[Given data]
== == ==
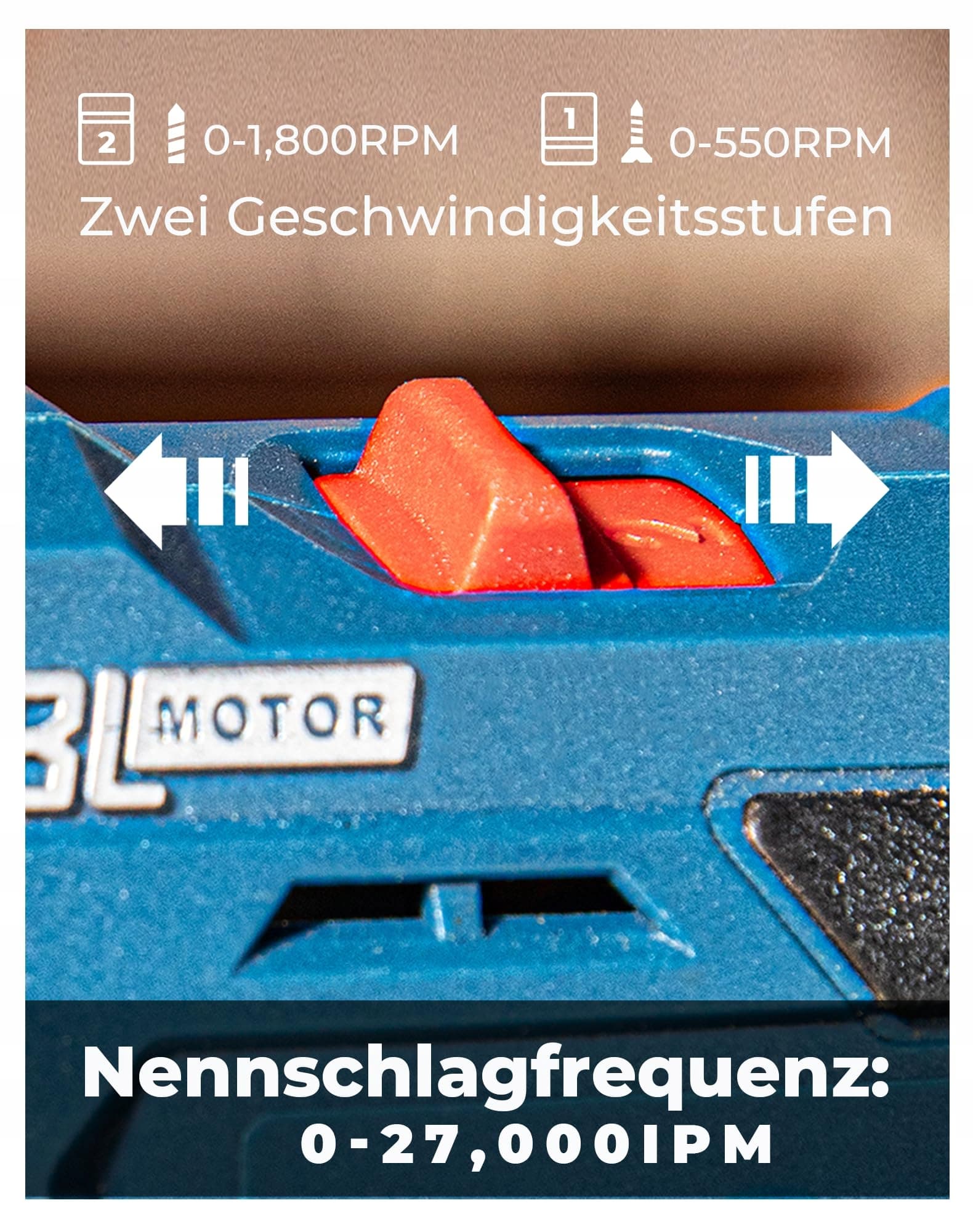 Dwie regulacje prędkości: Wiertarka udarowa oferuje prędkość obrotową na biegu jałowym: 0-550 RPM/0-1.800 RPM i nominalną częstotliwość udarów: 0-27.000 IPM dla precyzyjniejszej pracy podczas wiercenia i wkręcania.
== == ==
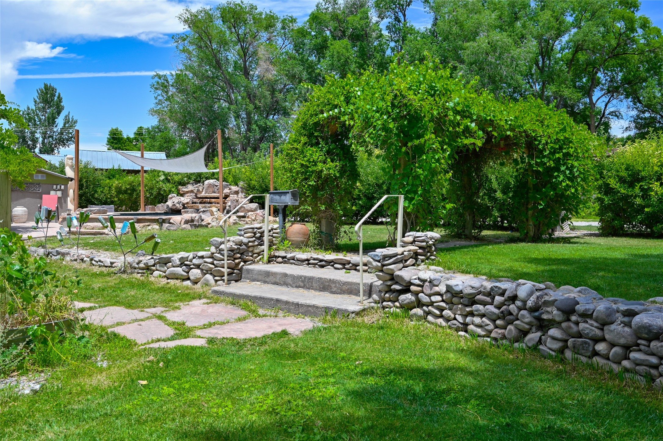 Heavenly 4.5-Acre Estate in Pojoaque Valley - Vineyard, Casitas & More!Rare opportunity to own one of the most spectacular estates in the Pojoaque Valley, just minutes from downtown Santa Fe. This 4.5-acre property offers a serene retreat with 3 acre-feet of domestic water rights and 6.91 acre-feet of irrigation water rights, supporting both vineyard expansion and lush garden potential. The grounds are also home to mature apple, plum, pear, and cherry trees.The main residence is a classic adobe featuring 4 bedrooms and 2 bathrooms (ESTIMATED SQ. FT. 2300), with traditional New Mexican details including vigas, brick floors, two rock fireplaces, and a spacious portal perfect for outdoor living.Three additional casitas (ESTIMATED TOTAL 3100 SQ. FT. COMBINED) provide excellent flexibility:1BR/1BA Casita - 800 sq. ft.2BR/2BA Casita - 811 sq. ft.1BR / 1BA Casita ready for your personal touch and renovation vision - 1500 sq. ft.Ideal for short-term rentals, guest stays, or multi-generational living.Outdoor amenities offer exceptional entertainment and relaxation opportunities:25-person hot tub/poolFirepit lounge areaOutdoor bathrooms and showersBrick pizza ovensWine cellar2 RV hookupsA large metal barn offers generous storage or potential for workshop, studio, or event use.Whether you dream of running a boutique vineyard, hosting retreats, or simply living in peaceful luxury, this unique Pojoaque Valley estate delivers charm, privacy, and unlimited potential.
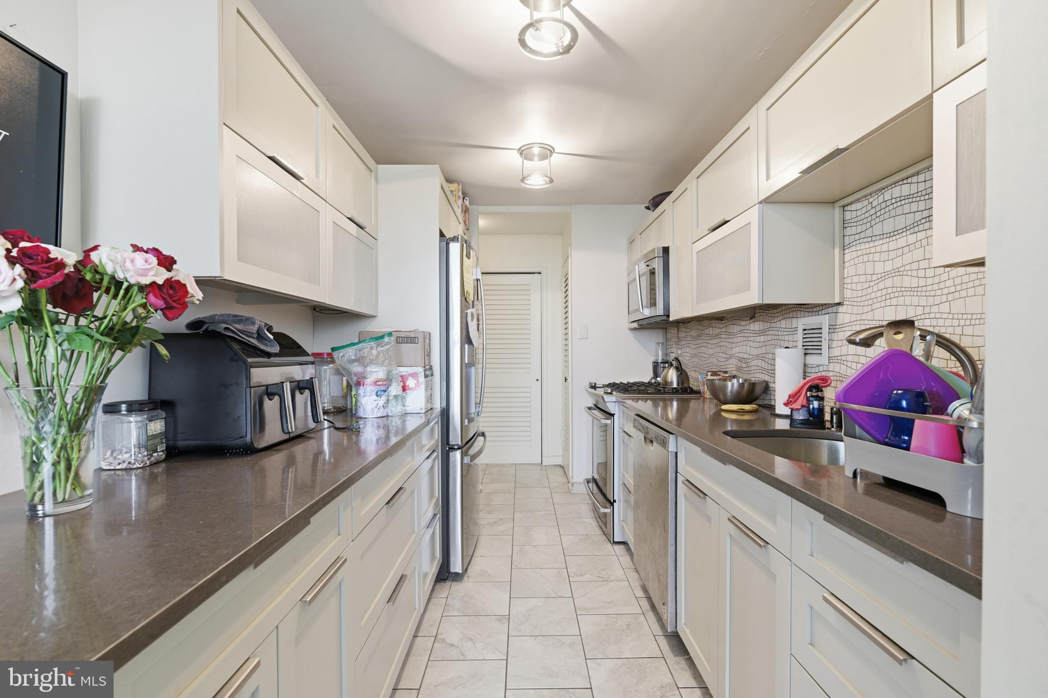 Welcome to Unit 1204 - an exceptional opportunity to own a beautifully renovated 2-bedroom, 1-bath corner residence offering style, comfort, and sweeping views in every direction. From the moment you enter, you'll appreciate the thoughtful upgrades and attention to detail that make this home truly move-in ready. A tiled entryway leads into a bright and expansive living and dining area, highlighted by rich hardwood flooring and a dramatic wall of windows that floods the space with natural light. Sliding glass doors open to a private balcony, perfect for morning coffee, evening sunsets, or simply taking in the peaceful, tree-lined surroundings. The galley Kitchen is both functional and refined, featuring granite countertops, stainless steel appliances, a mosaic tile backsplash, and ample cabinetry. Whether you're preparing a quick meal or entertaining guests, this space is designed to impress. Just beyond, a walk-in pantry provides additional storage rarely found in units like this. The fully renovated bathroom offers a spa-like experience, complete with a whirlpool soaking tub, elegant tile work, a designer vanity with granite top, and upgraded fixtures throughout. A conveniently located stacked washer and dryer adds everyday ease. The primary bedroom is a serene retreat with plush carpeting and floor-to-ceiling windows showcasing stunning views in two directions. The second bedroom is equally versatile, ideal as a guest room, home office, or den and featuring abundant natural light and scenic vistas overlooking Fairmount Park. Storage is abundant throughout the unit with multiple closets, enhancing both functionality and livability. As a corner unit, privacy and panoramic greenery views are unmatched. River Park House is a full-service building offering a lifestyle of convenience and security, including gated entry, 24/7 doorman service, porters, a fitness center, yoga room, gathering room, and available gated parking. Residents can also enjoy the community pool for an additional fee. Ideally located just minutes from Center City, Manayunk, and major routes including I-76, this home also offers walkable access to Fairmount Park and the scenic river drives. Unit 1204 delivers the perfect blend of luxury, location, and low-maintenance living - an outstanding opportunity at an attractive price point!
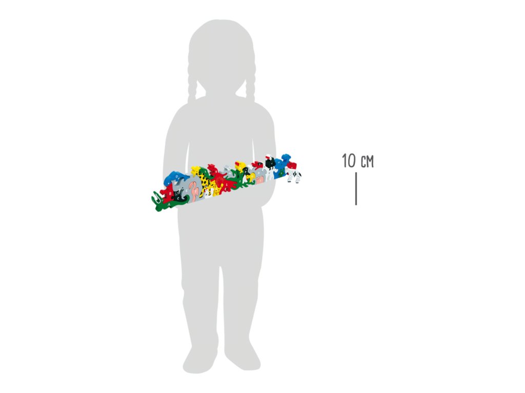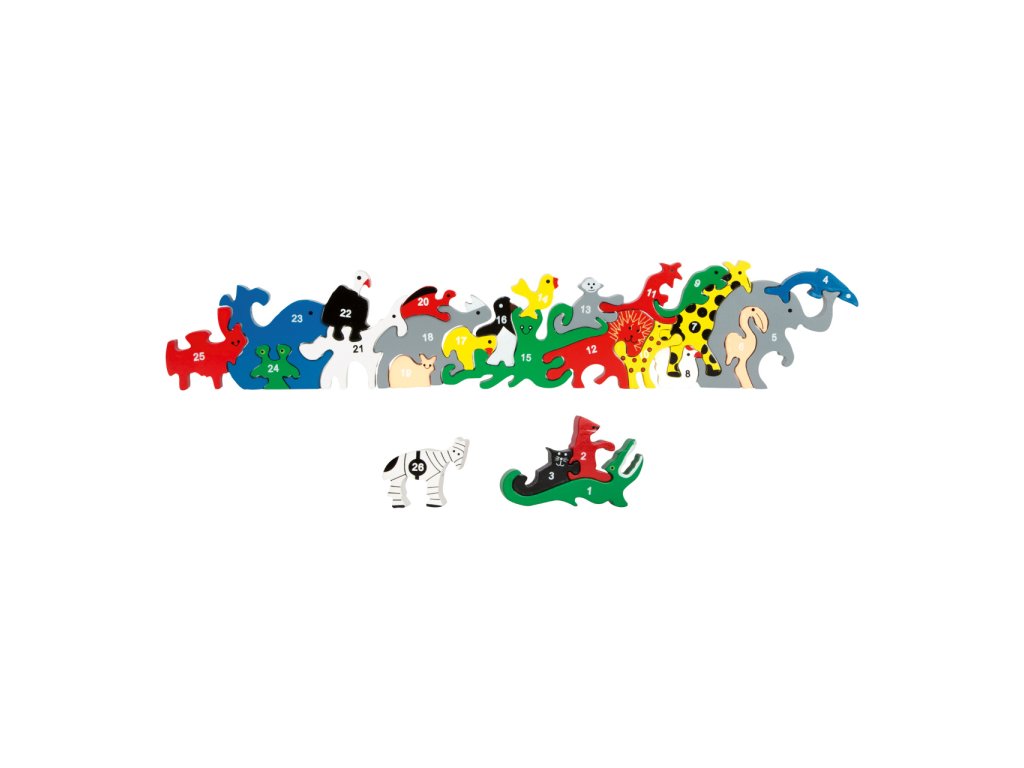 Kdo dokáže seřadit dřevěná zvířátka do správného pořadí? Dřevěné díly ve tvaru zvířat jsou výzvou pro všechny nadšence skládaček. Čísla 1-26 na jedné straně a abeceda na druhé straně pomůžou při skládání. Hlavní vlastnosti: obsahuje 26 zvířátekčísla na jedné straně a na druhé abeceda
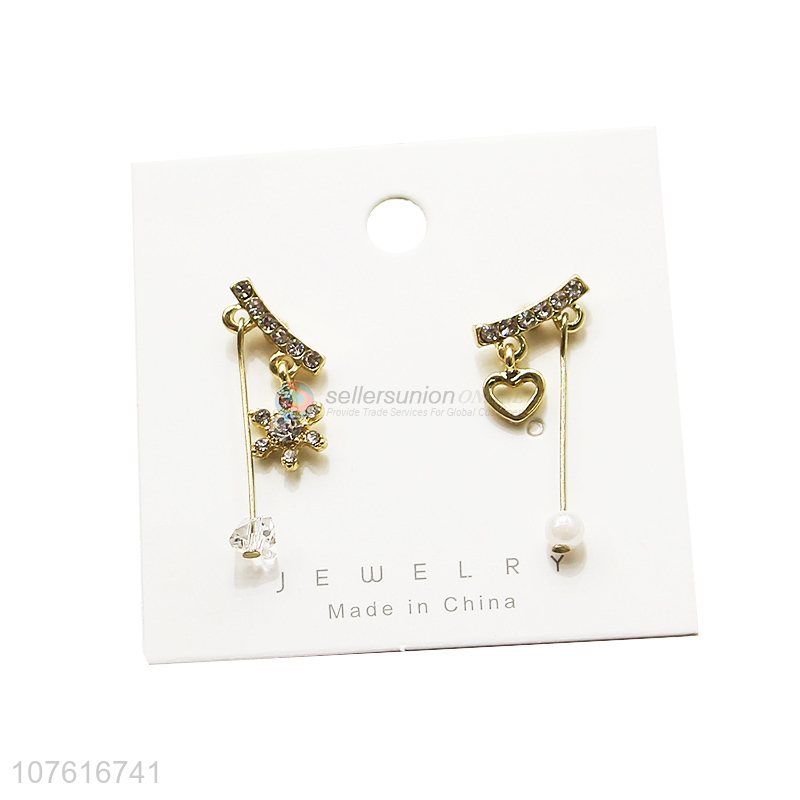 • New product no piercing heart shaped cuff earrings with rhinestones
== == ==
[Required work]
Beginning with the line holding "Kdo dokáže seřadit" in the material above, restate word for word each line through the line holding "earrings with rhinestones", and exclude pictures.

[Response to this exercise]
 Kdo dokáže seřadit dřevěná zvířátka do správného pořadí? Dřevěné díly ve tvaru zvířat jsou výzvou pro všechny nadšence skládaček. Čísla 1-26 na jedné straně a abeceda na druhé straně pomůžou při skládání. Hlavní vlastnosti: obsahuje 26 zvířátekčísla na jedné straně a na druhé abeceda
 • New product no piercing heart shaped cuff earrings with rhinestones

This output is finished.